# Assignment
Would you copy the lines below exactly and omit the images?

Recorded data:
================================
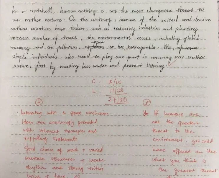While other centres do 1-2 essays every 2-3 months, we make students do 12 essays in 12 weeks. The essays and corrections then go through many rounds of iterations, marked with objective checklists that are 10x more detailed than the open rubrics SEAB gives. We break everything down into a science, making it impossible for low quality writing.
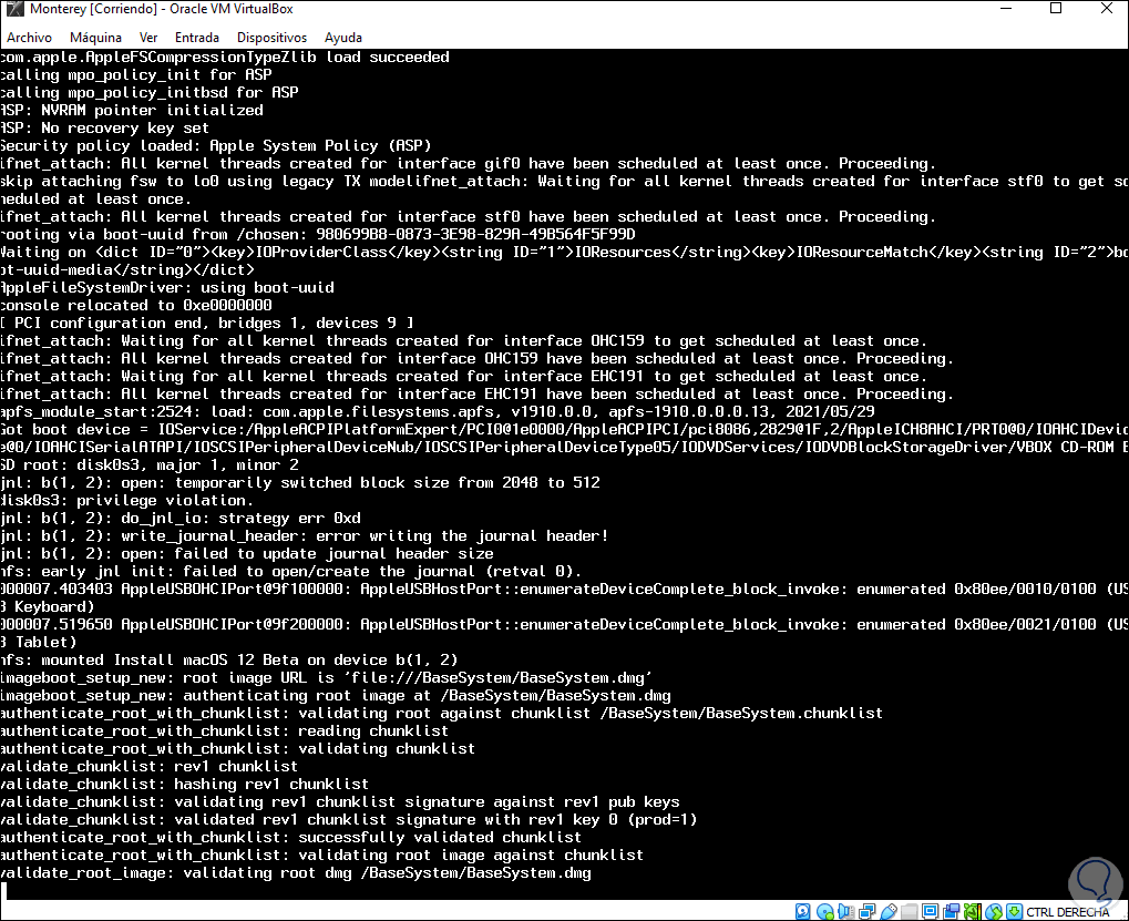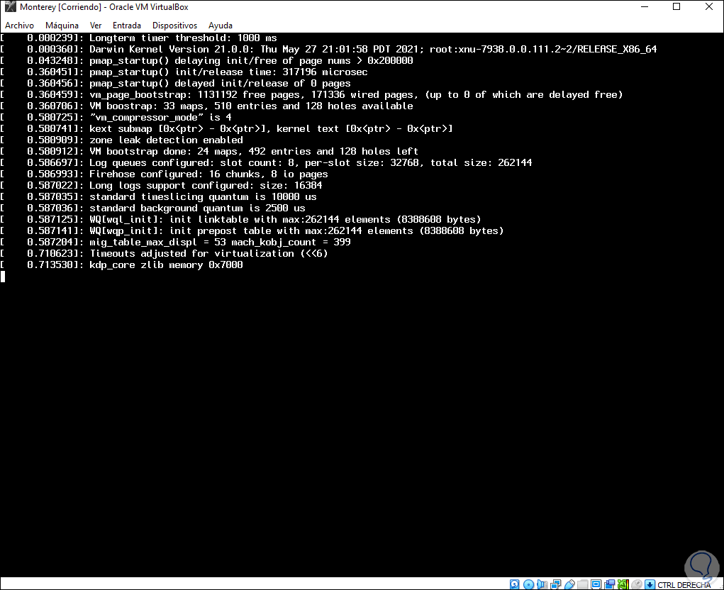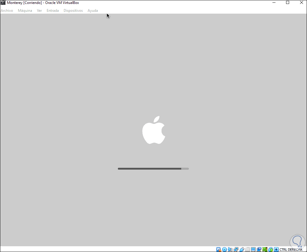 Iniciamos la máquina virtual, se iniciará la carga de procesos de macOS Monterey:
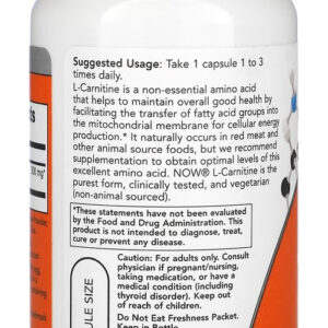 O suplemento de L Carnitina da NOW Foods é fabricado de acordo com os mais altos padrões de qualidade, garantindo que você receba um produto seguro e eficaz. Cada cápsula fornece 500mg de L Carnitina;
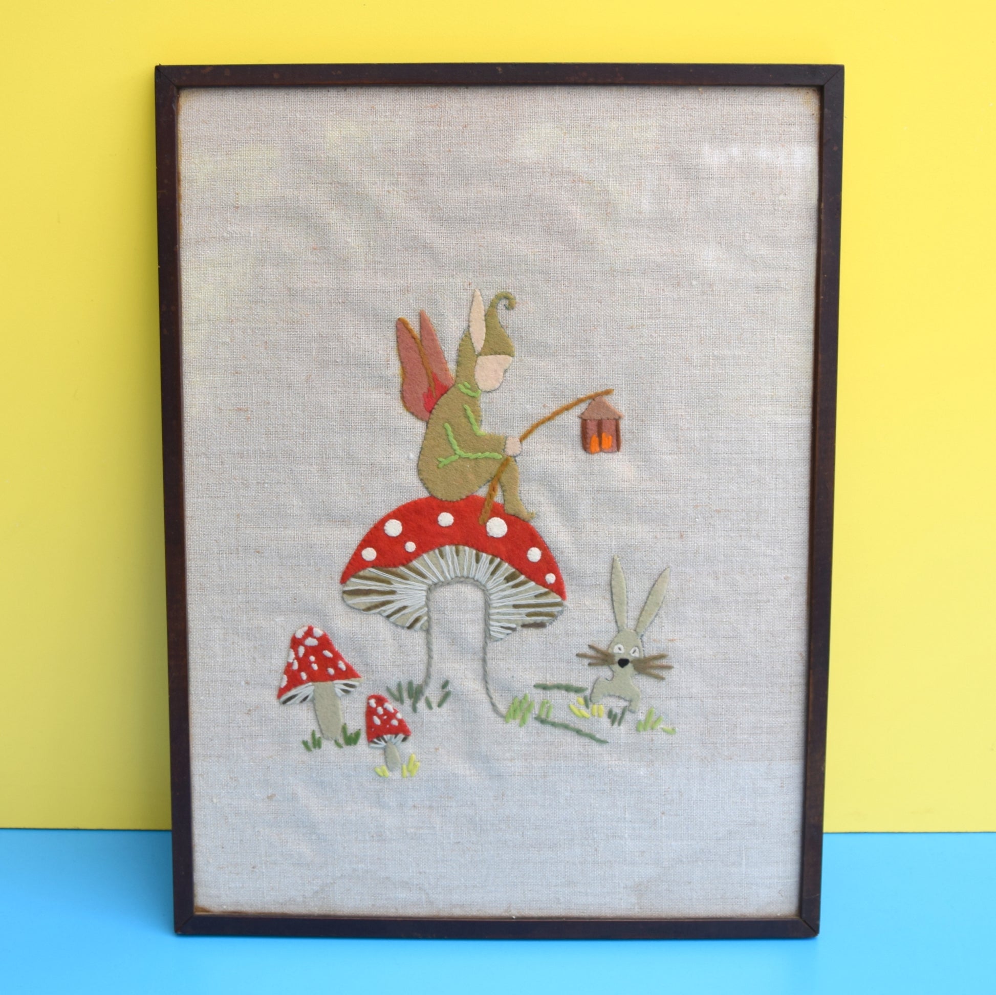 Vintage 1950s Embroidered Felt Picture - Toadstool & Pixie
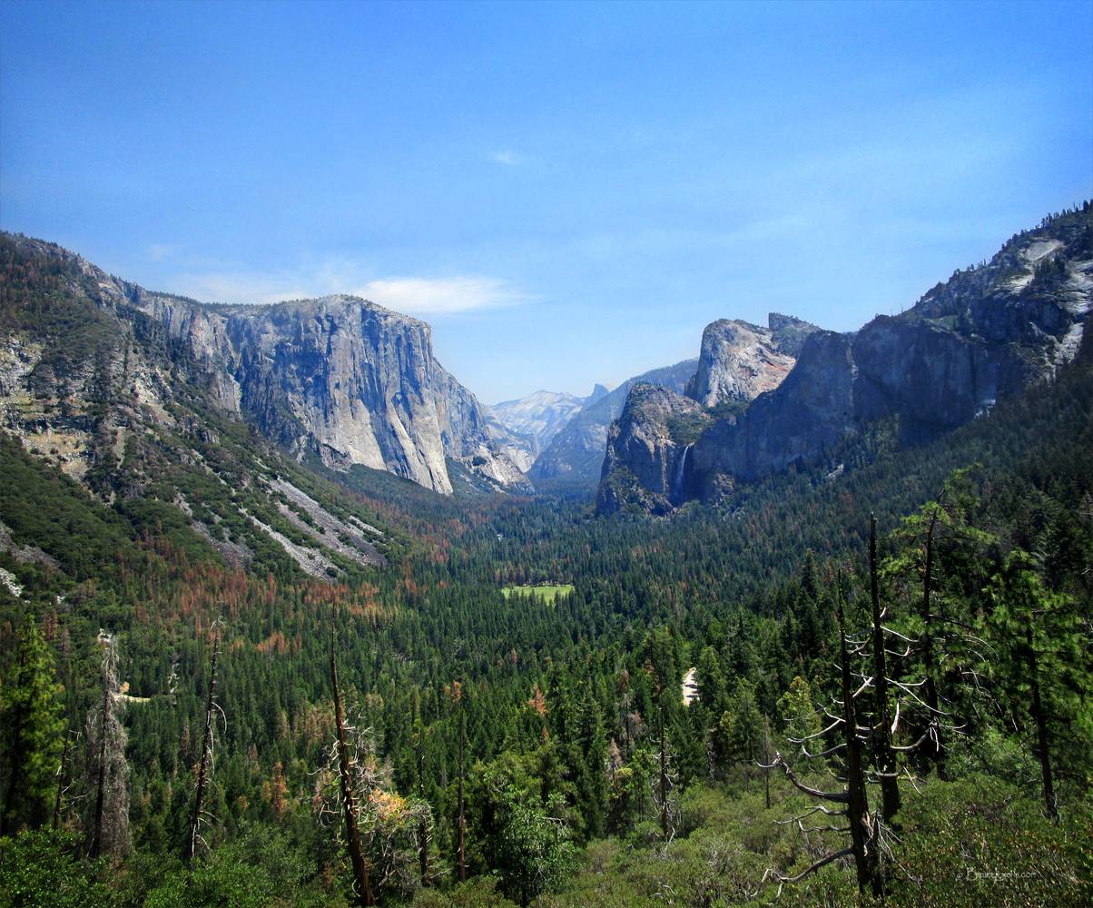 Yosemite Valley from Artists Point. Left to right is El Capitan, Half Dome peeking out in the far distance, Cathedral Rocks, and Bridalveil Fall. California, Sierra Nevada Mountains, Yosemite, Yosemite Valley, Artists Point. Off the John Muir Trail near Mile 000.
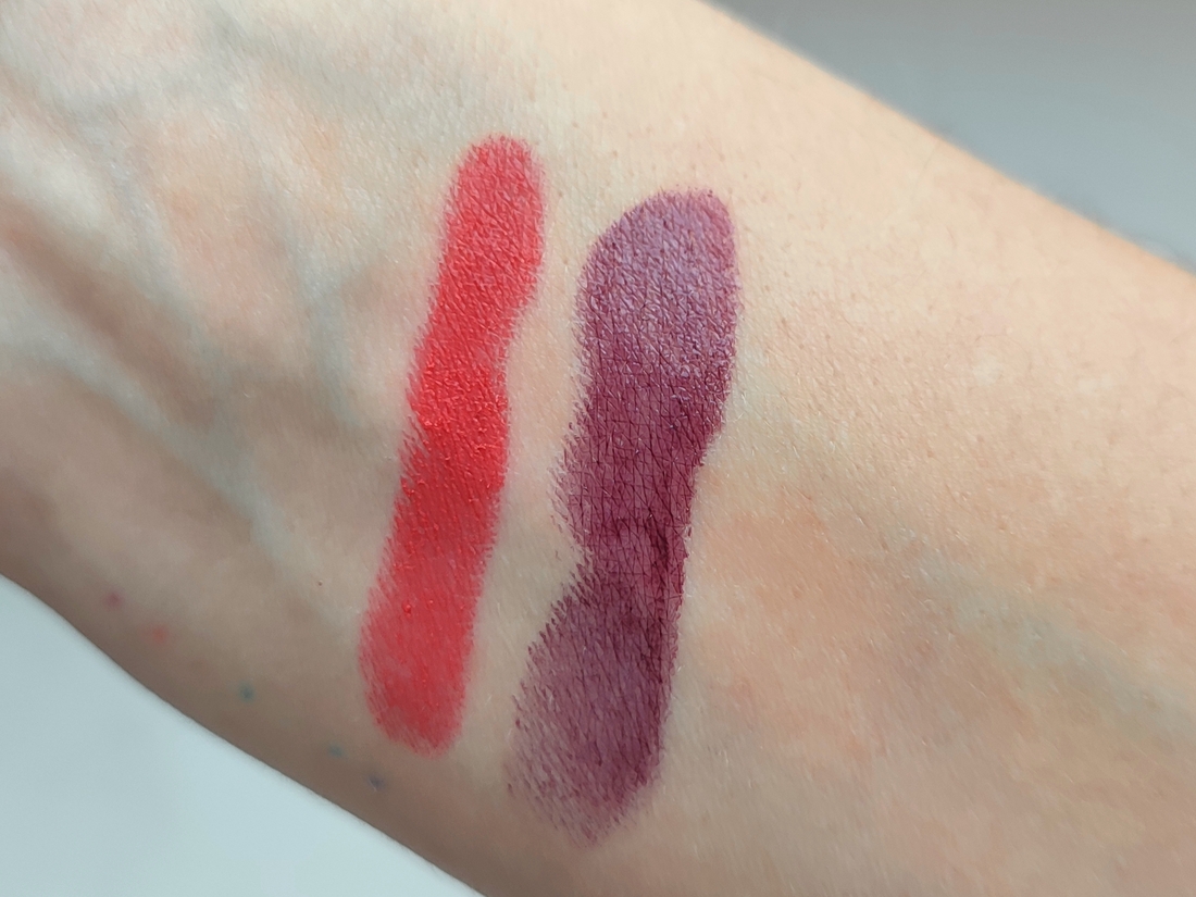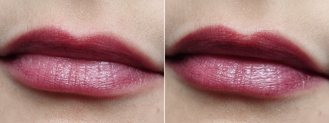 Помада тонким слоем слева и помада в один слой с небольшим нажимом на стик справа:
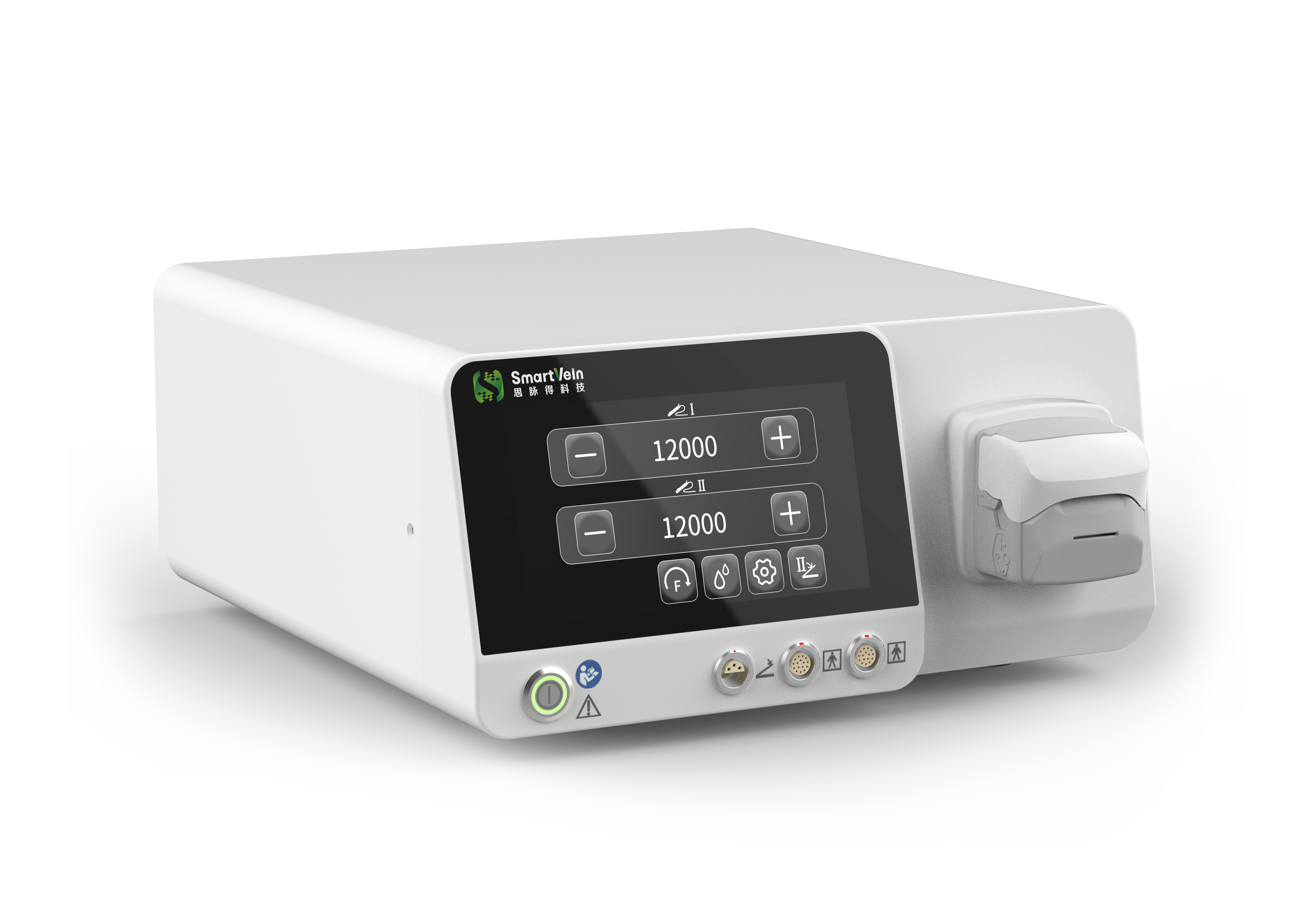 动力系统主机由网电源供电,驱动动力装置,动力装置为工具头提供机械动力驱动工具头旋转或往复运动实施对人体组织或异物切割切开、削磨、钻孔、敲击等操作。
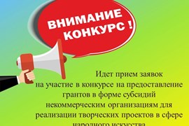 В настоящее время ведется прием заявок на участие в конкурсе на предоставление грантов в форме субсидий некоммерческим организациям для реализации творческих проектов в сфере народного искусства.
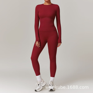 クロスボーダー女装両面磨毛ガードル通気純色トレーニングヨガ服スポーツランニングトレーニング服2515
================================
# Exercise output
While other centres do 1-2 essays every 2-3 months, we make students do 12 essays in 12 weeks. The essays and corrections then go through many rounds of iterations, marked with objective checklists that are 10x more detailed than the open rubrics SEAB gives. We break everything down into a science, making it impossible for low quality writing.
 Iniciamos la máquina virtual, se iniciará la carga de procesos de macOS Monterey:
 O suplemento de L Carnitina da NOW Foods é fabricado de acordo com os mais altos padrões de qualidade, garantindo que você receba um produto seguro e eficaz. Cada cápsula fornece 500mg de L Carnitina;
 Vintage 1950s Embroidered Felt Picture - Toadstool & Pixie
 Yosemite Valley from Artists Point. Left to right is El Capitan, Half Dome peeking out in the far distance, Cathedral Rocks, and Bridalveil Fall. California, Sierra Nevada Mountains, Yosemite, Yosemite Valley, Artists Point. Off the John Muir Trail near Mile 000.
 Помада тонким слоем слева и помада в один слой с небольшим нажимом на стик справа:
 动力系统主机由网电源供电,驱动动力装置,动力装置为工具头提供机械动力驱动工具头旋转或往复运动实施对人体组织或异物切割切开、削磨、钻孔、敲击等操作。
 В настоящее время ведется прием заявок на участие в конкурсе на предоставление грантов в форме субсидий некоммерческим организациям для реализации творческих проектов в сфере народного искусства.
 クロスボーダー女装両面磨毛ガードル通気純色トレーニングヨガ服スポーツランニングトレーニング服2515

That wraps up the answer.